Work instructions: Starting with the first line of the data below, copy each line up to and including the one containing "This bingo card". Pictures stay out.

Given data:
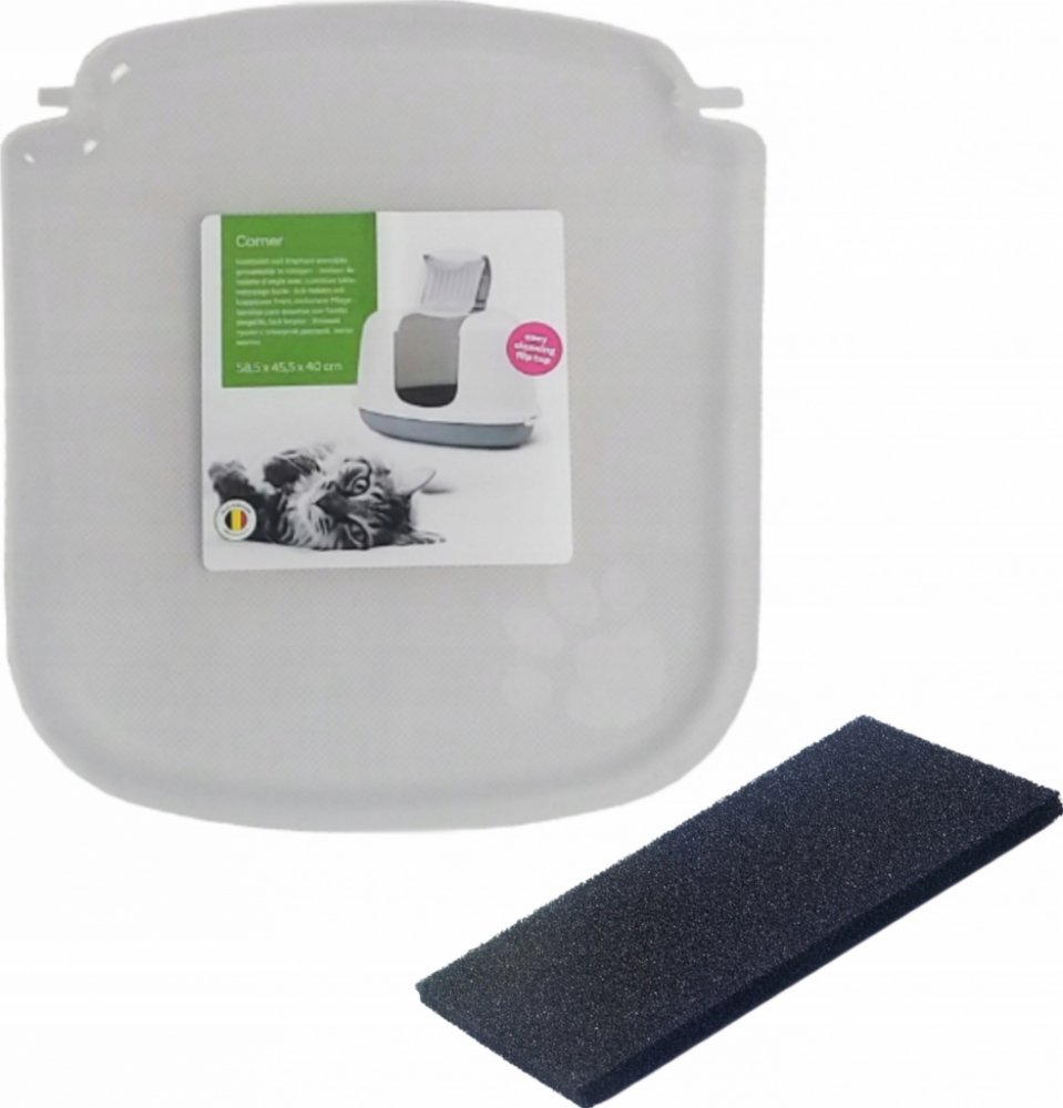 Rohová toaleta pro kočky v moderních barvách, s odklápěcím krytem pro jednoduché a rychlé čištění, s filtrem z aktivního uhlí.
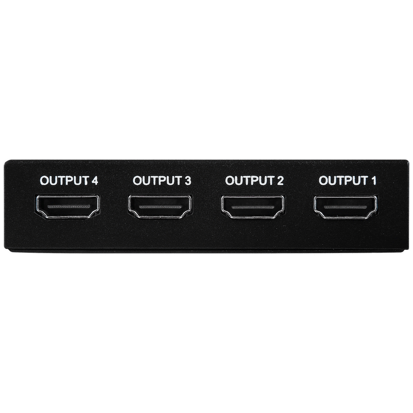 - Distributes one HDMI input to four identical HDMI outputs, suitable for multi-screen setups in retail or presentations.
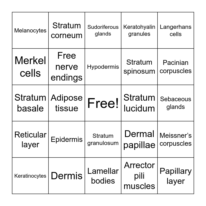 This bingo card has a free space and 24 words: Epidermis, Dermis, Hypodermis, Keratinocytes, Langerhans cells, Melanocytes, Merkel cells, Stratum corneum, Stratum lucidum, Stratum granulosum, Stratum spinosum, Stratum basale, Dermal papillae, Meissner’s corpuscles, Free nerve endings, Arrector pili muscles, Sebaceous glands, Sudoriferous glands, Pacinian corpuscles, Adipose tissue, Papillary layer, Reticular layer, Keratohyalin granules and Lamellar bodies.
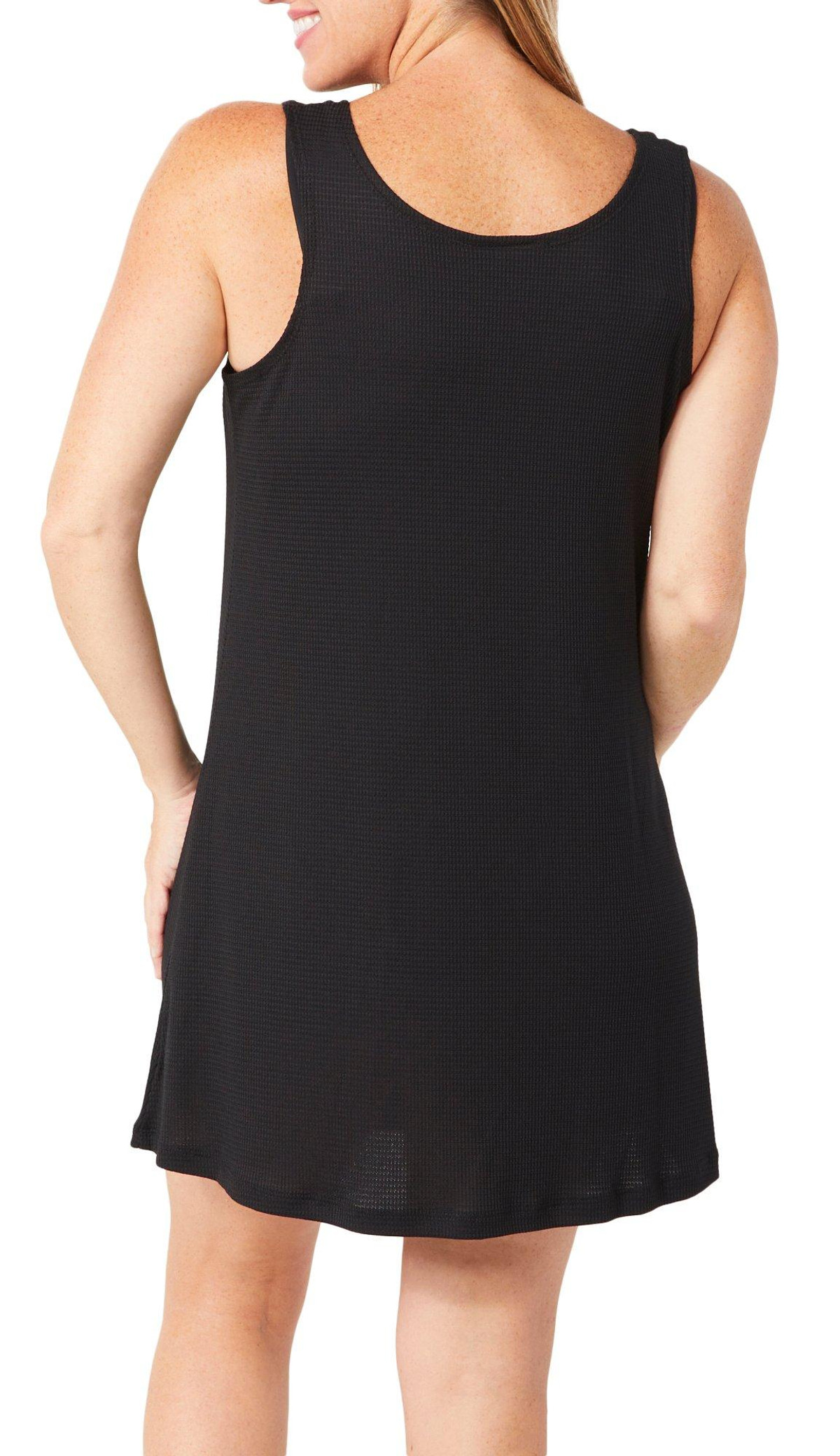 Effortless style meets comfort in this sleeveless tank coverup dress. Designed with chic ring accents and a flattering stretch fit, it layers perfectly over swimwear for poolside lounging or beach strolls. Lightweight fabric keeps you cool while the sleek silhouette adds a touch of modern flair. Ideal for travel, resort wear, or sunny weekends. Fabrication is 95% polyester and 5% spandex.
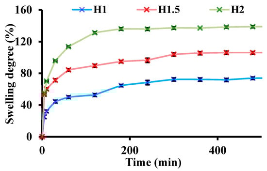 To have an insight regarding the behavior of the hydrogels in the physiological medium, their swelling behavior was monitored in PBS solution of physiological pH. The obtained data revealed that the samples swelled with different ratios depending on the density of the piperonyl units on chitosan chain (Figure 4). Therefore, the H1 sample reached a maximum swelling degree of 106%, while the sample H2 led to a maximum value of 140% (Figure 4). All the samples, regardless the piperonal content, reached the maximum swelling degree in ~300 min.
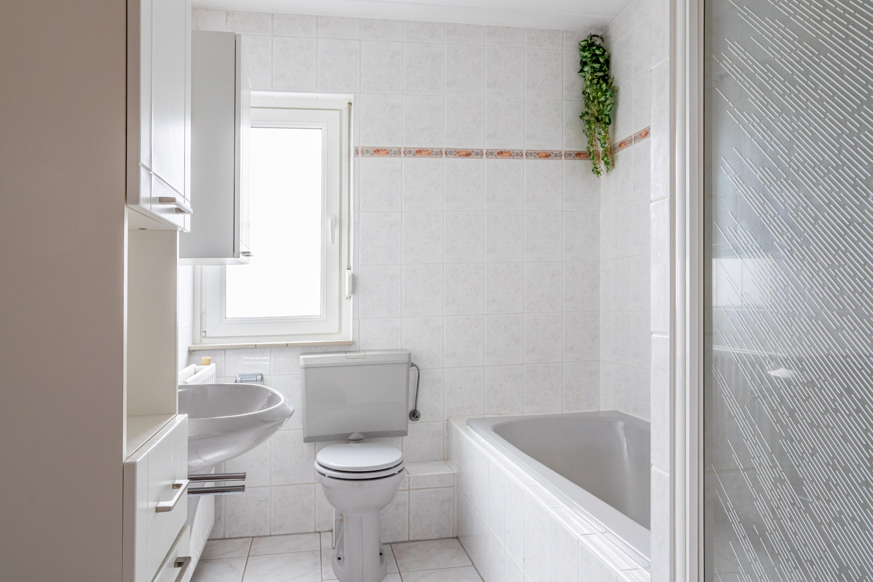 Overloop, hoofdslaapkamer met een doorgang naar de 2e slaapkamer die als walk-in closet wordt gebruiktmaar eenvoudig weer is te herstellen, 3e slaapkamer en badkamer met ligbad, douchecabine en vaste wastafel.
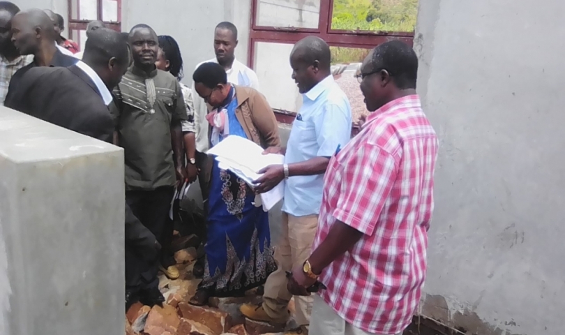 Ibanda District Chairman Mr. Kajwenge supervising the construction work of Kashozi Health centre 111 that is to be upgraded from Health Centre 2 status recently. The facility will be multipurpose for both inpatients and out patients. It will serve the whole population in Ishongororo Sub County in Ibanda North. Photo by Sylas Byaruhanga.
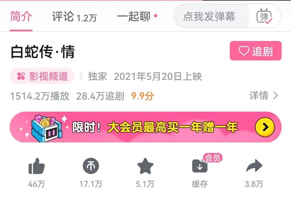 由此,这一流传千百年的经典爱情故事变得容易被年轻人理解,纵然有珠玉在前,这部电影也依然令人共情共鸣。电影上线年轻人聚集的B站后,获得热烈追捧,截至目前,已经获得1500多万次的播放量,5.4万条弹幕和1.2万条评论,足以见得这部戏曲电影在年轻人中间激起的波澜。
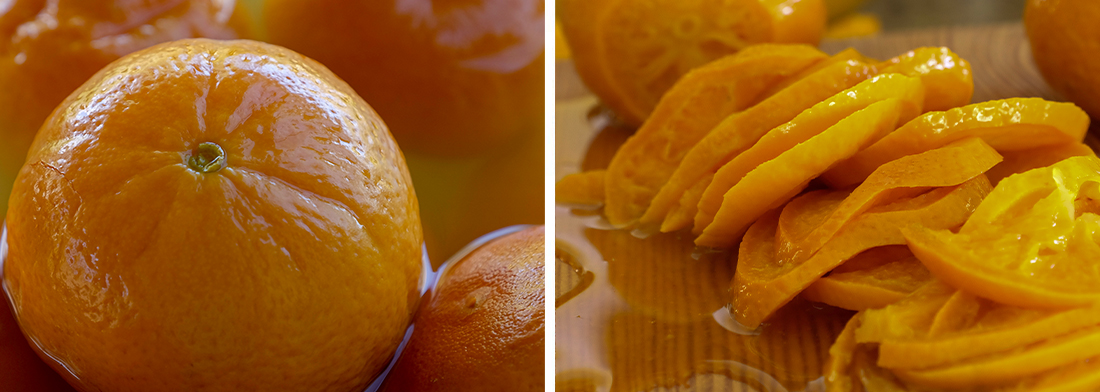 Remove the mandarins and reserve the water. Slice the cooked mandarins. If they contain seeds, remove and discard. Try to reserve as much of the liquid that comes from the mandarins while you are slicing. As the mandarins were cooking additional flavour and pectin from the skin, pith and seeds was extracted. Remove and discard the rosemary.

Completed task:
 Rohová toaleta pro kočky v moderních barvách, s odklápěcím krytem pro jednoduché a rychlé čištění, s filtrem z aktivního uhlí.
 - Distributes one HDMI input to four identical HDMI outputs, suitable for multi-screen setups in retail or presentations.
 This bingo card has a free space and 24 words: Epidermis, Dermis, Hypodermis, Keratinocytes, Langerhans cells, Melanocytes, Merkel cells, Stratum corneum, Stratum lucidum, Stratum granulosum, Stratum spinosum, Stratum basale, Dermal papillae, Meissner’s corpuscles, Free nerve endings, Arrector pili muscles, Sebaceous glands, Sudoriferous glands, Pacinian corpuscles, Adipose tissue, Papillary layer, Reticular layer, Keratohyalin granules and Lamellar bodies.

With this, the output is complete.